Records |
---
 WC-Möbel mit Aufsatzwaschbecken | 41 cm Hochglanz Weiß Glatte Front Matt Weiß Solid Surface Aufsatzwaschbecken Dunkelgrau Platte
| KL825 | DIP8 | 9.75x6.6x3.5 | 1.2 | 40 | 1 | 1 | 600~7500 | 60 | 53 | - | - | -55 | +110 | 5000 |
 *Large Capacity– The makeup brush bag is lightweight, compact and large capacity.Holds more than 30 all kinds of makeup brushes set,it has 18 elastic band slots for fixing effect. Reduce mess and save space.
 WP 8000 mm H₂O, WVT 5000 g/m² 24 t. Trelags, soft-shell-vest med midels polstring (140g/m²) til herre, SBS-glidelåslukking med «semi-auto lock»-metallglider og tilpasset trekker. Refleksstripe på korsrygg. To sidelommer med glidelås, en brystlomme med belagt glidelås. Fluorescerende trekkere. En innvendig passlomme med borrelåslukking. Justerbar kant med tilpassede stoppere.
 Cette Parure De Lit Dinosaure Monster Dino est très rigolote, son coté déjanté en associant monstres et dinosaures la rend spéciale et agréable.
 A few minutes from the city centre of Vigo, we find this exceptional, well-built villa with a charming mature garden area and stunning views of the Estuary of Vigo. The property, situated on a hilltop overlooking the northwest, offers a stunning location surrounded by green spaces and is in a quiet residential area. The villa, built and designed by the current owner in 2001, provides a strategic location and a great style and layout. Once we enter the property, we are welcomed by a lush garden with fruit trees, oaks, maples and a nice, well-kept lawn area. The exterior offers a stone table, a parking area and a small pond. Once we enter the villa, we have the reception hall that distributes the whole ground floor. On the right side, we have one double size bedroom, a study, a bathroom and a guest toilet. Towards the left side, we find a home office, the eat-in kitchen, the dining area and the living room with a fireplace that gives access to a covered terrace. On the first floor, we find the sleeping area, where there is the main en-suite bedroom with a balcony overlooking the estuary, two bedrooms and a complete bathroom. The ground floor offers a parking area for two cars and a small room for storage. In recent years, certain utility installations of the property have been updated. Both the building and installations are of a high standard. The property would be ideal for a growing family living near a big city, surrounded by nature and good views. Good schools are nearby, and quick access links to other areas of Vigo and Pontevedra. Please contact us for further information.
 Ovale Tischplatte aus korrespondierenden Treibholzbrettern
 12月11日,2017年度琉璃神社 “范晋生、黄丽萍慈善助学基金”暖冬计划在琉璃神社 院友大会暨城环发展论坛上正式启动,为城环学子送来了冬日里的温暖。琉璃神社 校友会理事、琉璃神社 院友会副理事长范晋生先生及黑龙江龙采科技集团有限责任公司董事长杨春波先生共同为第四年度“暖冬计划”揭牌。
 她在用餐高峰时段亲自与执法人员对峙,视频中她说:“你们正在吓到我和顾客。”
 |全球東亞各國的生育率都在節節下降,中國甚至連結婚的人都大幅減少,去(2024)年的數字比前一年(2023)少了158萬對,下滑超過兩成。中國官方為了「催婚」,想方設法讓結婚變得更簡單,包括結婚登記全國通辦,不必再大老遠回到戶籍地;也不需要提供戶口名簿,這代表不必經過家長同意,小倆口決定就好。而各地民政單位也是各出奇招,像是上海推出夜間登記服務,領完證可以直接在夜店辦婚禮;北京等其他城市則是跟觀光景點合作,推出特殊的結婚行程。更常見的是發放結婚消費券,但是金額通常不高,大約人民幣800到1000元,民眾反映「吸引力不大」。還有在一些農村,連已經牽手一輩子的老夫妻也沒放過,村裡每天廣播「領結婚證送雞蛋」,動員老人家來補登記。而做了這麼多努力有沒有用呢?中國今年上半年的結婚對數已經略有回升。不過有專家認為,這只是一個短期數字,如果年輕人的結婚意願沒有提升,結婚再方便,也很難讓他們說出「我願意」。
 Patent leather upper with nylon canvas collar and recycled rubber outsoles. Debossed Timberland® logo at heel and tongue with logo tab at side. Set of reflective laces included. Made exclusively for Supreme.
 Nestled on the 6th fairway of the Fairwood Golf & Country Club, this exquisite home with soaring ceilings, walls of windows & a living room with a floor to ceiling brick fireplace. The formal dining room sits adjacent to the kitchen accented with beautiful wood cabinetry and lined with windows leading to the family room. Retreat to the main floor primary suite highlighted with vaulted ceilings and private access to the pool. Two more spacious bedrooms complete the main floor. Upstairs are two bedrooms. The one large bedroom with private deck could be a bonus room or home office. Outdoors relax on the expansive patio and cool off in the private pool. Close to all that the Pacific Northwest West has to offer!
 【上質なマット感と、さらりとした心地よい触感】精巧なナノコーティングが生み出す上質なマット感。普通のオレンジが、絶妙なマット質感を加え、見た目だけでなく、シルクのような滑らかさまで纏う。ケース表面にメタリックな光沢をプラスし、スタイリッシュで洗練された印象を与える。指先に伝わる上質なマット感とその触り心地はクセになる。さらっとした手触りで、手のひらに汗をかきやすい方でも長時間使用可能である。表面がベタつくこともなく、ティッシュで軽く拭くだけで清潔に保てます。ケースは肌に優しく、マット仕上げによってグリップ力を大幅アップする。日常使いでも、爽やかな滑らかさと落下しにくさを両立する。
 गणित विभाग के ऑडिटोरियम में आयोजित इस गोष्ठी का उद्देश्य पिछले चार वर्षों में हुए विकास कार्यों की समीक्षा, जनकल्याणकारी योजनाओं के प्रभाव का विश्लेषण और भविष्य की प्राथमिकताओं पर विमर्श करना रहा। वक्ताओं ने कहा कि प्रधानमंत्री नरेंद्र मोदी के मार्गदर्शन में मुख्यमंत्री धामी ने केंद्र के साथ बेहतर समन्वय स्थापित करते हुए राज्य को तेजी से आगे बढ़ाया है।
---
What to work on |
Check each line of the records for "more" and copy the ones that contain it.

Worked solution |
 *Large Capacity– The makeup brush bag is lightweight, compact and large capacity.Holds more than 30 all kinds of makeup brushes set,it has 18 elastic band slots for fixing effect. Reduce mess and save space.
 Nestled on the 6th fairway of the Fairwood Golf & Country Club, this exquisite home with soaring ceilings, walls of windows & a living room with a floor to ceiling brick fireplace. The formal dining room sits adjacent to the kitchen accented with beautiful wood cabinetry and lined with windows leading to the family room. Retreat to the main floor primary suite highlighted with vaulted ceilings and private access to the pool. Two more spacious bedrooms complete the main floor. Upstairs are two bedrooms. The one large bedroom with private deck could be a bonus room or home office. Outdoors relax on the expansive patio and cool off in the private pool. Close to all that the Pacific Northwest West has to offer!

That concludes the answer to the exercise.